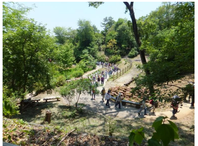
11時25分 山棚田から森の出入口へ。
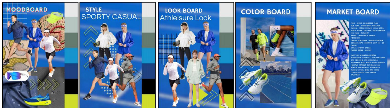
Gambar 1. Moodboard dan konsep desain

Penelitian ini bertujuan untuk mendeskripsikan penilaian estetika pada jaket thrifting dengan hiasan sulaman bebas. Tema dari koleksi busana jaket thrifting adalah "Athleisure Essentials" yang berarti barang-barang pokok atau penting yang berkaitan dengan Athleisure look. Athleisure look sendiri merupakan gaya busana yang menggabungkan pakaian olahraga dengan gaya kasual. Gaya athleisure sering dikenakan untuk aktivitas sehari-hari, namun tetap memiliki ciri khas kenyamanan dan fleksibilitas, bahan yang ringan dan memiliki sirkulasi udara yang baik, dan warna cerah atau netral. Selain itu, Athleisure Essentials juga menggambarkan Trend Forecasting 2025/2026 dengan tema Hyper Connected Flux dan sub-tema Cybernatic Paradox. Hasil produk jaket thrifting dengan hiasan sulaman bebas ini akan dinilai oleh 5 orang panelis ahli berdasarkan teori estetika menurut A.A.M. Djelantik yaitu aspek wujud atau rupa, aspek bobot atau isi, dan aspek penampilan atau penyajian.
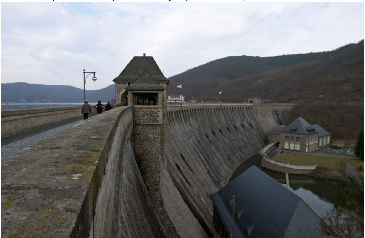
...und in der Realität. Die Ähnlichkeit ist schon verblüffend.

In heutigen Spielen kann man virtuell durch Washington, New York oder die Notre Dame spazieren und dabei kaum noch Unterschiede zur Realität erkennen. 2003 sah das noch ganz anders aus. Ich war jedenfalls sehr überrascht, als sich plötzlich vor meinem PC-Monitor die Sperrmauer auftat. In der Realität hatte ich sie schon etliche Male überquert. Aber noch nie in einem Computerspiel.
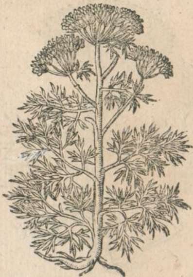
970. Ferula Narthex.

◆ Exercise brief:
Return every line of the data above exactly, and omit all pictures.

◆ Task result:
11時25分 山棚田から森の出入口へ。
Gambar 1. Moodboard dan konsep desain

Penelitian ini bertujuan untuk mendeskripsikan penilaian estetika pada jaket thrifting dengan hiasan sulaman bebas. Tema dari koleksi busana jaket thrifting adalah "Athleisure Essentials" yang berarti barang-barang pokok atau penting yang berkaitan dengan Athleisure look. Athleisure look sendiri merupakan gaya busana yang menggabungkan pakaian olahraga dengan gaya kasual. Gaya athleisure sering dikenakan untuk aktivitas sehari-hari, namun tetap memiliki ciri khas kenyamanan dan fleksibilitas, bahan yang ringan dan memiliki sirkulasi udara yang baik, dan warna cerah atau netral. Selain itu, Athleisure Essentials juga menggambarkan Trend Forecasting 2025/2026 dengan tema Hyper Connected Flux dan sub-tema Cybernatic Paradox. Hasil produk jaket thrifting dengan hiasan sulaman bebas ini akan dinilai oleh 5 orang panelis ahli berdasarkan teori estetika menurut A.A.M. Djelantik yaitu aspek wujud atau rupa, aspek bobot atau isi, dan aspek penampilan atau penyajian.
...und in der Realität. Die Ähnlichkeit ist schon verblüffend.

In heutigen Spielen kann man virtuell durch Washington, New York oder die Notre Dame spazieren und dabei kaum noch Unterschiede zur Realität erkennen. 2003 sah das noch ganz anders aus. Ich war jedenfalls sehr überrascht, als sich plötzlich vor meinem PC-Monitor die Sperrmauer auftat. In der Realität hatte ich sie schon etliche Male überquert. Aber noch nie in einem Computerspiel.
970. Ferula Narthex.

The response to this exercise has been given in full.